Solar panel waste is not the worst thing that’s ever happened
This article originally appeared in our Circularity Weekly newsletter. Subscribe here.
I subscribe to a lot of newsletters and follow quite a few Google alerts in this role. It’s one of my favorite parts of the job. I subscribed to a lot of newsletters in my last role too. The difference now is that I actually read (most of) them.
When you subscribe to this volume of newsletters and alerts, you are bound to see a lot of takes from folks like me (and real journalists alike) about the same topics over and over. One story might say that recyclable single use cups are great, while another might argue they are the worst. One story might laud progress toward compostable clothing, another might say it is a waste of effort.
There is one topic where nearly every sustainability pundit seems to be in agreement, though: The challenge of dealing with solar panel waste. Each headline on this topic makes it seem as if solar panel waste is the worst thing that’s ever happened…
I’m not here to argue that we shouldn’t address what to do with solar panels at the end of their first useful life, far from it. I believe that we need innovation in solar panel recovery and recycling, as well as significant research into designing panels for recyclability, refurbishment or remanufacturing from the outset. The same can be said (and the same doomsday articles exist) for wind turbines.
Some articles on this subject do yeoman’s work to address the opportunity, both environmental and financial, of cracking the code on end-of-first-use treatment of renewable energy infrastructure, and they should be applauded for doing so. What I don’t see very often addressed in these articles, though, is the waste problem with our other forms of energy. That’s what I’m going to prod at a bit here, however incompletely.
Let’s start with the form of energy being phased out most right now by renewables…
If folks think renewables have a toxic waste problem, wait until they meet solar and wind’s old dirty uncle. Coal-fired power produces coal ash, and a lot of it. According to the United States Environmental Protection Agency, “Coal ash contains contaminants like mercury, cadmium and arsenic. Without proper management, these contaminants can pollute waterways, ground water, drinking water, and the air.” This coal ash is dealt with in a variety of ways depending on the facility’s permits, but the systems put in place to contain coal ash fail, with two notable and recent incidents in Kingston, Tennessee (2008) and Eden, North Carolina (2014). Not only is coal ash toxic, it is one of the largest industrial waste streams in the U.S. at over 100 million tons per year. To put that in context, the U.S. isn’t expected to hit 1 million tons of solar panel waste until 2030.
What about coal’s clean cousin, natural gas? Well, it is a lot cleaner from a solid waste perspective, with very little solid waste being created beyond any disposal of emissions control media and the decommissioning of gas-fired power plants. Waste streams are associated with exploration for, and production of, natural gas. These include impacts to freshwater during the unconventional production of natural gas, a.k.a. hydraulic fracturing.
Hazardous waste is clearly an issue with nuclear power production, so I don’t think we need to get into too much detail here. While the volumes of nuclear waste are quite low (about 2,000 metric tons per year), the implications of a release are much larger than those for other energy-producing technologies.
One main point on hydroelectric power. While waste is not of particular importance to hydro, other ecological considerations surely are (land use implications, wildlife impacts and life-cycle GHG emissions). As these are difficult to compare apples-to-apples with waste, we’ll leave it at that for now.

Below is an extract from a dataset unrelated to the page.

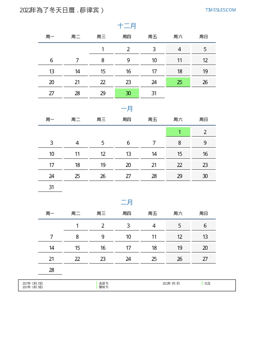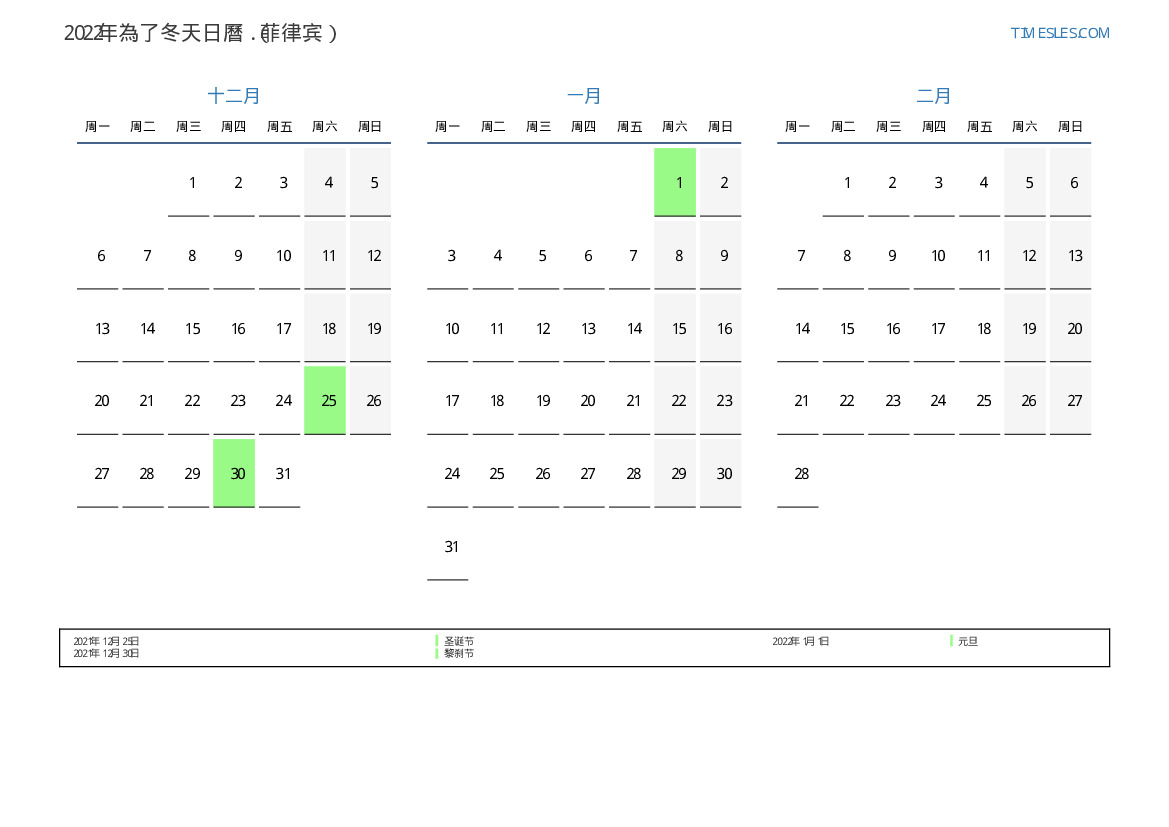 菲律宾下載並打印2022年為了冬天假期和周末的PDF日曆
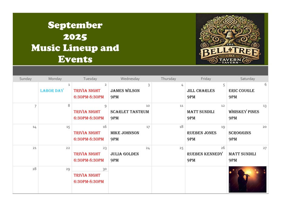 The Bell Tree is family-friendly during the day and early evening. However, as the night progresses and live music starts, it becomes a more adult-oriented environment. Valid ID is required for all alcohol purchases.

The solid waste problem for wind is similar to that of solar. Wind turbines generally have lifetimes on the order of 20 years, most of the weight of a turbine is metal and concrete (both of which can be recycled at end-of-use), and the current major waste stream is fiberglass from the blades. While this is a concern that must be addressed, there is potential to address it through new technologies and new recycling methods, and the scale is minimal compared to the primary energy source it is replacing, coal.
Let’s try not to be so “doomsday” about the waste issue of solar panels. Former GreenBiz staffer Lauren Phipps had a great conversation last year with Taylor Curtis from the National Renewable Energy Lab about panel recycling. Reading Taylor’s comments made it clear to me that this is a problem that we can overcome. As with anything, scale will bring efficiency and increased uptake.
It is always important to put challenges such as this in context. What is the old saying, “Don’t let the perfect be the enemy of the good”? Sure, the solar panel (and wind turbine) waste problem may not be perfect, but let’s take solace in the fact that we are considering it (I’m sure the same can’t be said for early coal-fired power), and it is far superior to the waste challenge presented by the coal plants that it is replacing.
Let’s not get complacent. Keep pushing the industry to improve initial design as well as recycling options. Circular, renewable and perfect should be the end goals, but the climate crisis is too important to wait or to slow down because of a bunch of headline-based gaslighting that casts doubt on the righteousness of renewable energy technologies.